Repeat exactly what runs from the line containing "2021年全國醫(yī)師資" through the last line of the material below. Do not copy the pictures.

## Data below

▬▬▬

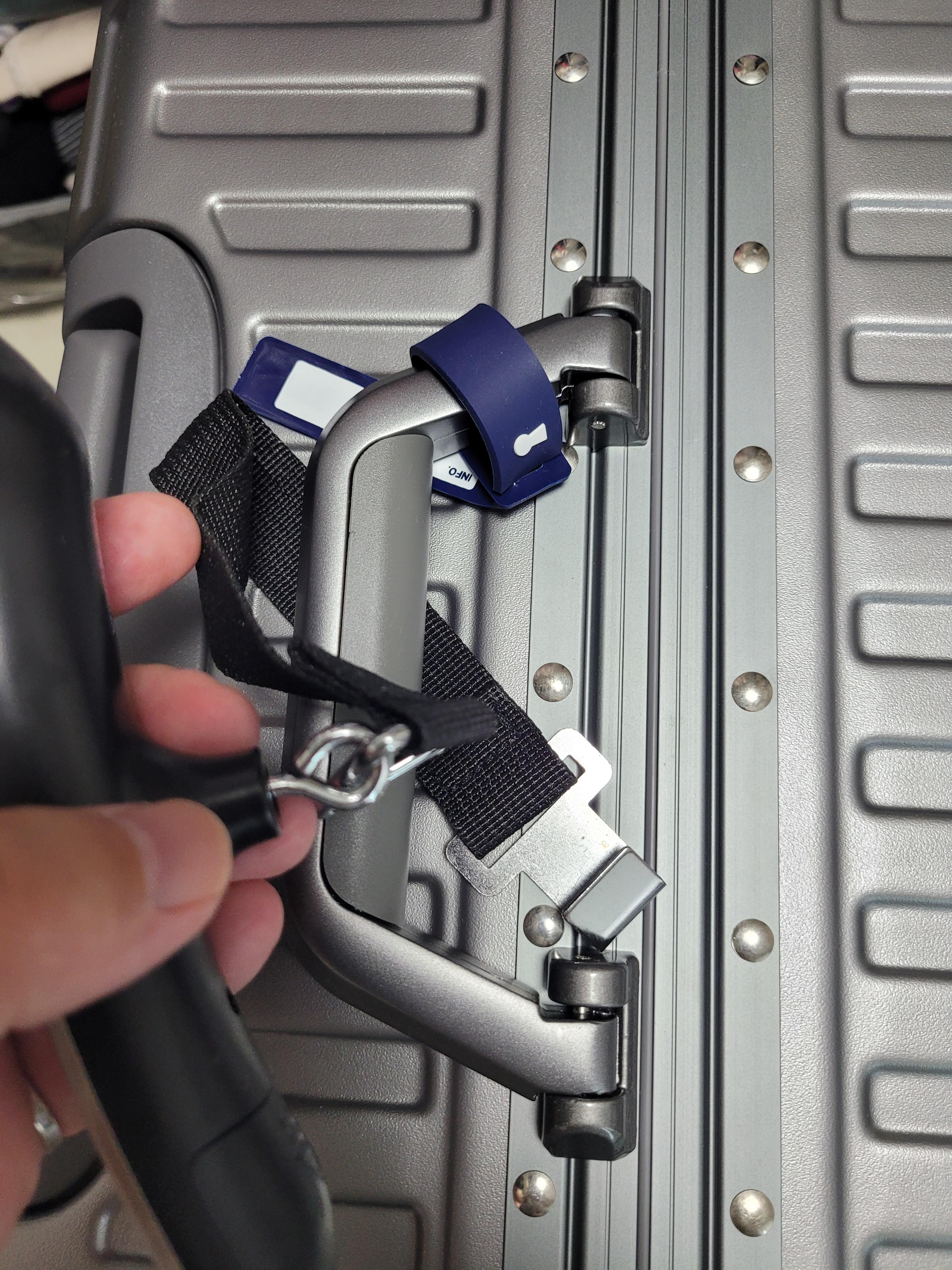 고리가 넉넉하여 웬만한 캐리어에는 다 들어갈 거 같으니 걱정하지 않으셔도 됩니다.
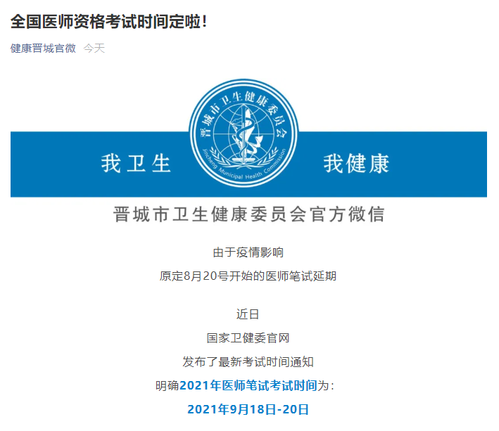 2021年全國醫(yī)師資格考試晉城考點綜合筆試時間定了!國家衛(wèi)健委官網(wǎng)發(fā)布了最新考試時間通知,明確2021年醫(yī)師筆試考試時間為:2021年9月18日-20日,具體通知內(nèi)容醫(yī)學(xué)教育網(wǎng)小編整理如下:
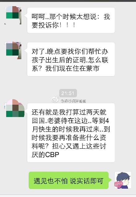 这位客人是我们的赴美生子诚实签的客人,签证就诚实告知了赴美生子的真实目的,而且他父母都有美国绿卡(就这样也没有怀疑移民倾向)。过海关的时候遇见了对赴美生子不友好的CBP官员愤愤不平。每个人的情况以及美国海关每段时间都可能不一样,具体方案可能有区别。

▬▬▬

## Written response
 2021年全國醫(yī)師資格考試晉城考點綜合筆試時間定了!國家衛(wèi)健委官網(wǎng)發(fā)布了最新考試時間通知,明確2021年醫(yī)師筆試考試時間為:2021年9月18日-20日,具體通知內(nèi)容醫(yī)學(xué)教育網(wǎng)小編整理如下:
 这位客人是我们的赴美生子诚实签的客人,签证就诚实告知了赴美生子的真实目的,而且他父母都有美国绿卡(就这样也没有怀疑移民倾向)。过海关的时候遇见了对赴美生子不友好的CBP官员愤愤不平。每个人的情况以及美国海关每段时间都可能不一样,具体方案可能有区别。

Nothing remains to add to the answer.